**Exercise requirements**.
Could you retype exactly the lines below between the one holding "Liesl, get away" and the one holding "to your home.", inclusive, leaving out any pictures?

**Extracted information**.
-----

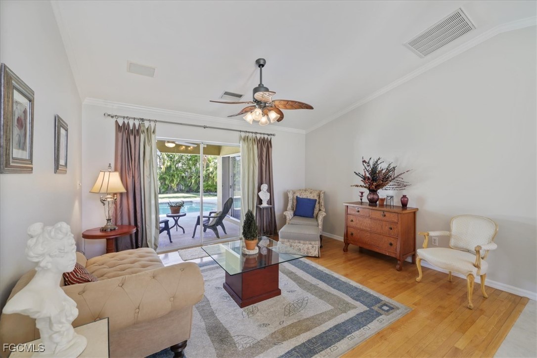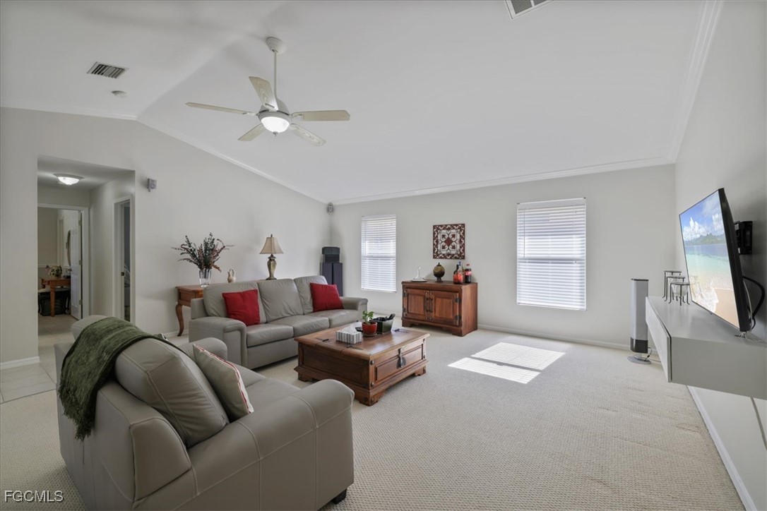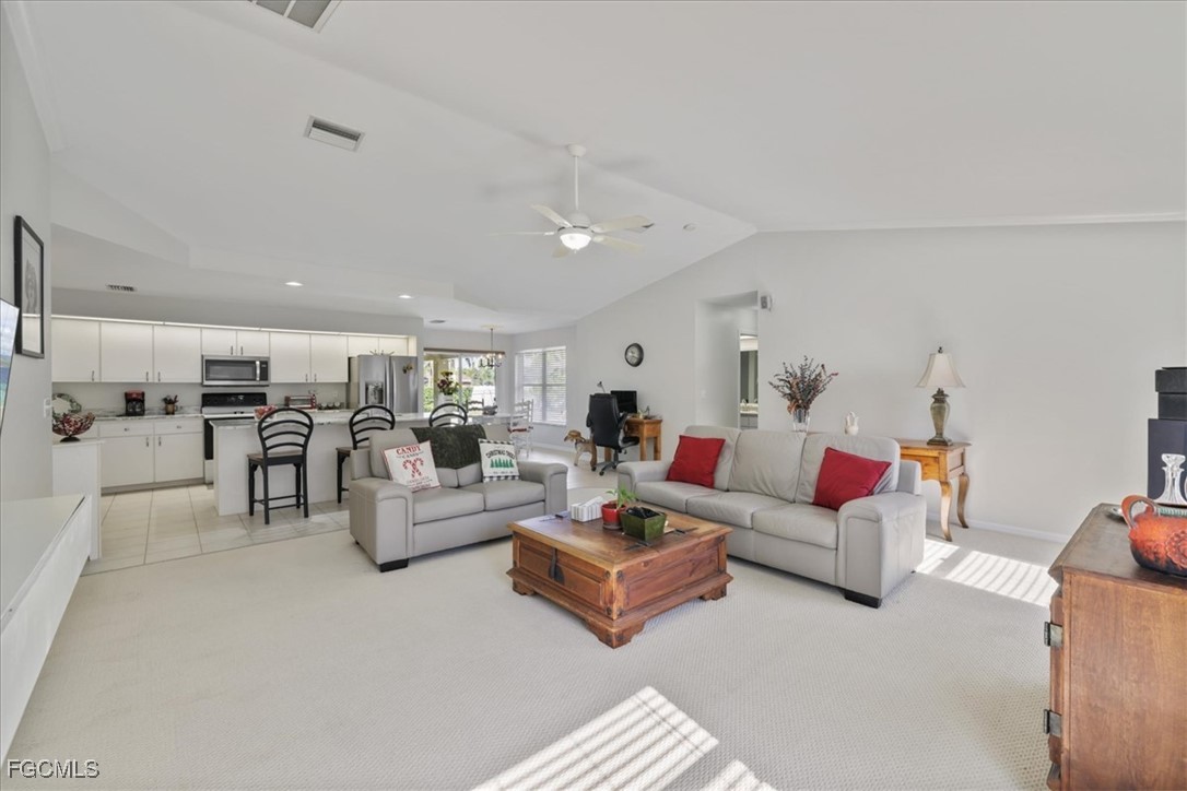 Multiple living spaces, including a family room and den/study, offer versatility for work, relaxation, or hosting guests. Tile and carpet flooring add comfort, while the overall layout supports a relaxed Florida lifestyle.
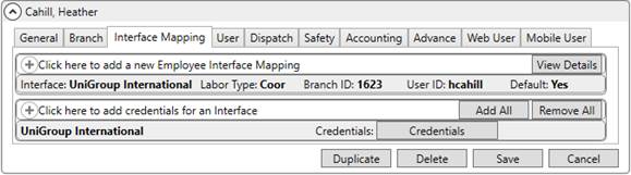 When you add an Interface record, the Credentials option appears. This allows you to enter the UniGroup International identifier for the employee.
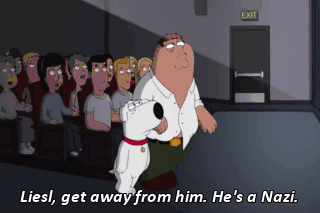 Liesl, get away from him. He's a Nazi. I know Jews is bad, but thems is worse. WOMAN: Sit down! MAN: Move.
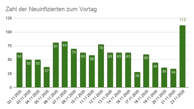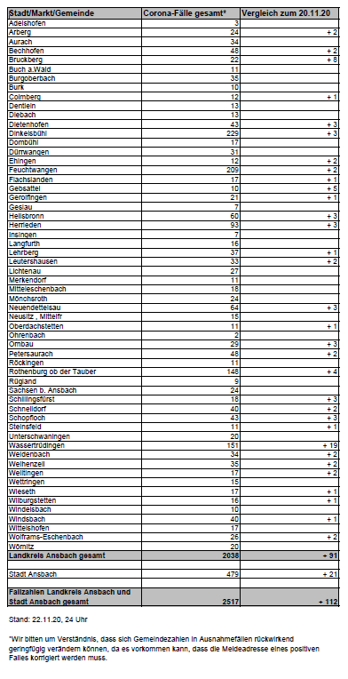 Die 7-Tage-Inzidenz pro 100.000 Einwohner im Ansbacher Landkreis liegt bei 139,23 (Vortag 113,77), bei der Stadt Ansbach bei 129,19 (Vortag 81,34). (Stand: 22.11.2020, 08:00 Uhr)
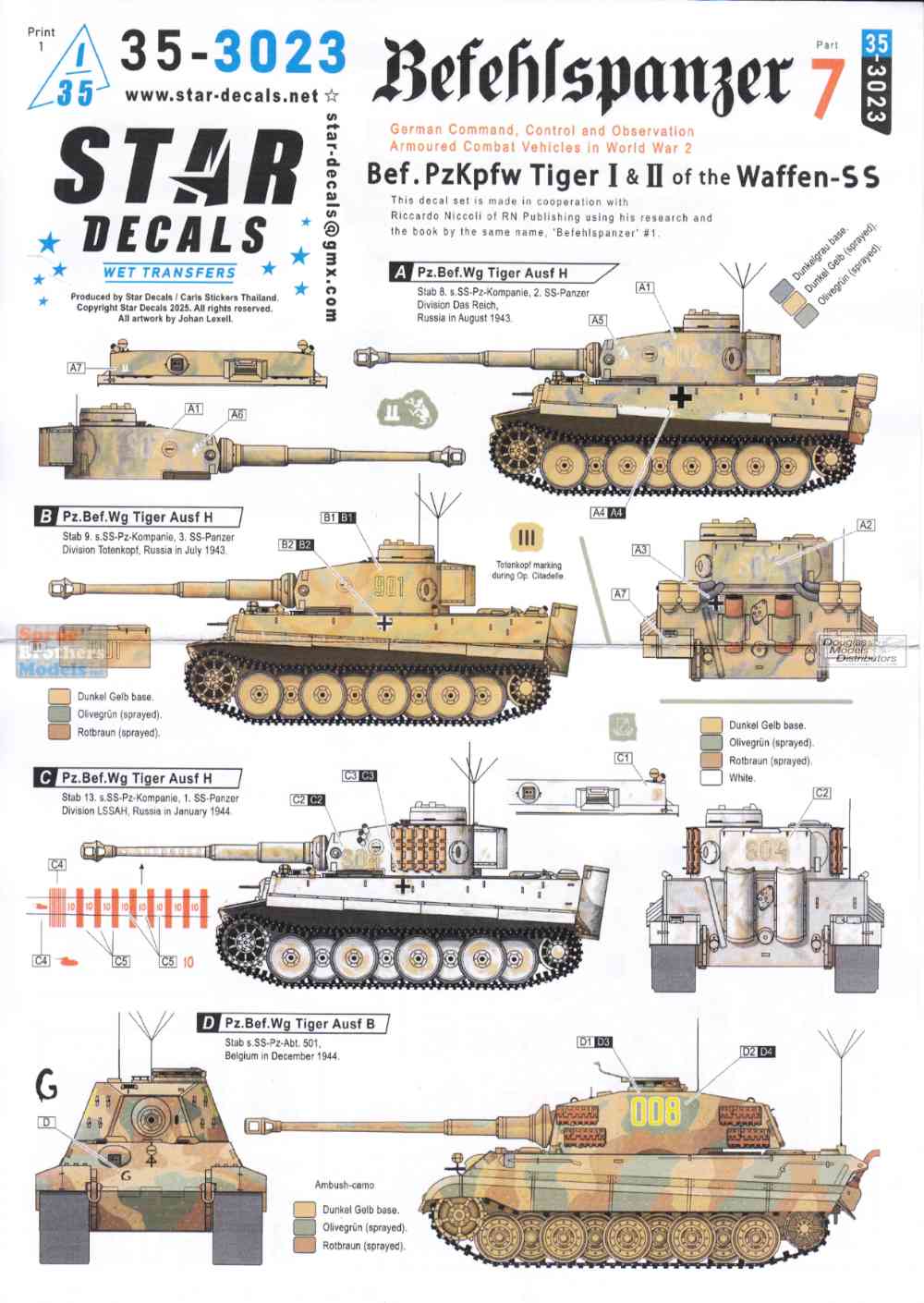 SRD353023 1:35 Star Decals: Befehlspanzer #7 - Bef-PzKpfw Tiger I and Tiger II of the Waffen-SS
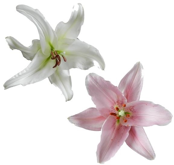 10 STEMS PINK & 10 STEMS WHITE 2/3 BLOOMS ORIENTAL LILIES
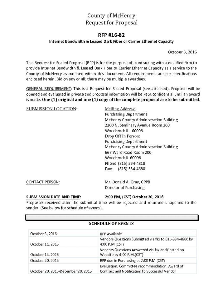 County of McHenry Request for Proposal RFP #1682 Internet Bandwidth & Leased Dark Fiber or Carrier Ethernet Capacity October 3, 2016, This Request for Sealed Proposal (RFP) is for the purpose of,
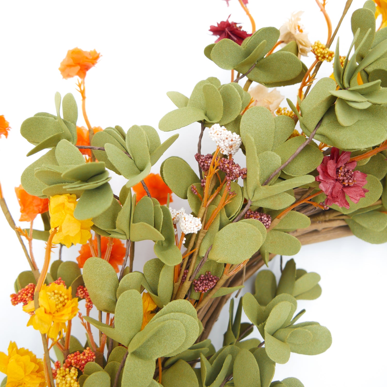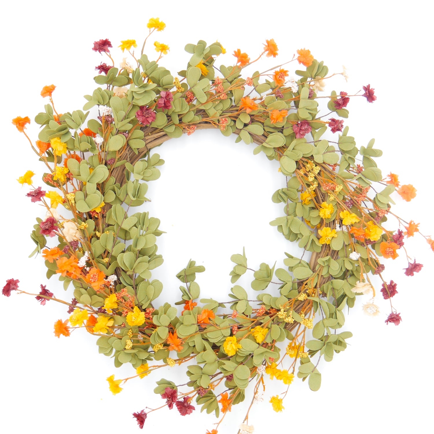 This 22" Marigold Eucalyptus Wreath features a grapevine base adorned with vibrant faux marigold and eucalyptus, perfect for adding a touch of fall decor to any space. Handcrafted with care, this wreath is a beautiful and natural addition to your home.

-----

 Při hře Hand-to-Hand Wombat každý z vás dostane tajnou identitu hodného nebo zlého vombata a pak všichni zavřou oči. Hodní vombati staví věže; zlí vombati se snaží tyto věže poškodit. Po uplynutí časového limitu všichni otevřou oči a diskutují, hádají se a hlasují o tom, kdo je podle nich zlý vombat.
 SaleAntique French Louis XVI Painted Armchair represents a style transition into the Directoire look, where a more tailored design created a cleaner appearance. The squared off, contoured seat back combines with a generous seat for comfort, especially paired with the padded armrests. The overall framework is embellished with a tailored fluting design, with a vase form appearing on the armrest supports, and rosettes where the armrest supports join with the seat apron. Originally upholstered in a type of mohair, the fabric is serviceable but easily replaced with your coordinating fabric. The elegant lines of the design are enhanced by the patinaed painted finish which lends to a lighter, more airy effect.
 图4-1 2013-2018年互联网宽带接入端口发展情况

-----

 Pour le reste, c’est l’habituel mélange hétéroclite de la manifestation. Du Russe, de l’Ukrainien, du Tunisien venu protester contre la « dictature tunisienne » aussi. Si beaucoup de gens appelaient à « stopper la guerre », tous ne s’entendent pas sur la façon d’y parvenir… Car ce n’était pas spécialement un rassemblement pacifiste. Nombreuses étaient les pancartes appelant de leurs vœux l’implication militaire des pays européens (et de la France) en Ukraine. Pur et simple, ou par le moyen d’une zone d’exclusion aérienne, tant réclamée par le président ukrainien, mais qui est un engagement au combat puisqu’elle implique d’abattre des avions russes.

-----

**Task result**.
 Liesl, get away from him. He's a Nazi. I know Jews is bad, but thems is worse. WOMAN: Sit down! MAN: Move.
 Die 7-Tage-Inzidenz pro 100.000 Einwohner im Ansbacher Landkreis liegt bei 139,23 (Vortag 113,77), bei der Stadt Ansbach bei 129,19 (Vortag 81,34). (Stand: 22.11.2020, 08:00 Uhr)
 SRD353023 1:35 Star Decals: Befehlspanzer #7 - Bef-PzKpfw Tiger I and Tiger II of the Waffen-SS
 10 STEMS PINK & 10 STEMS WHITE 2/3 BLOOMS ORIENTAL LILIES
 County of McHenry Request for Proposal RFP #1682 Internet Bandwidth & Leased Dark Fiber or Carrier Ethernet Capacity October 3, 2016, This Request for Sealed Proposal (RFP) is for the purpose of,
 This 22" Marigold Eucalyptus Wreath features a grapevine base adorned with vibrant faux marigold and eucalyptus, perfect for adding a touch of fall decor to any space. Handcrafted with care, this wreath is a beautiful and natural addition to your home.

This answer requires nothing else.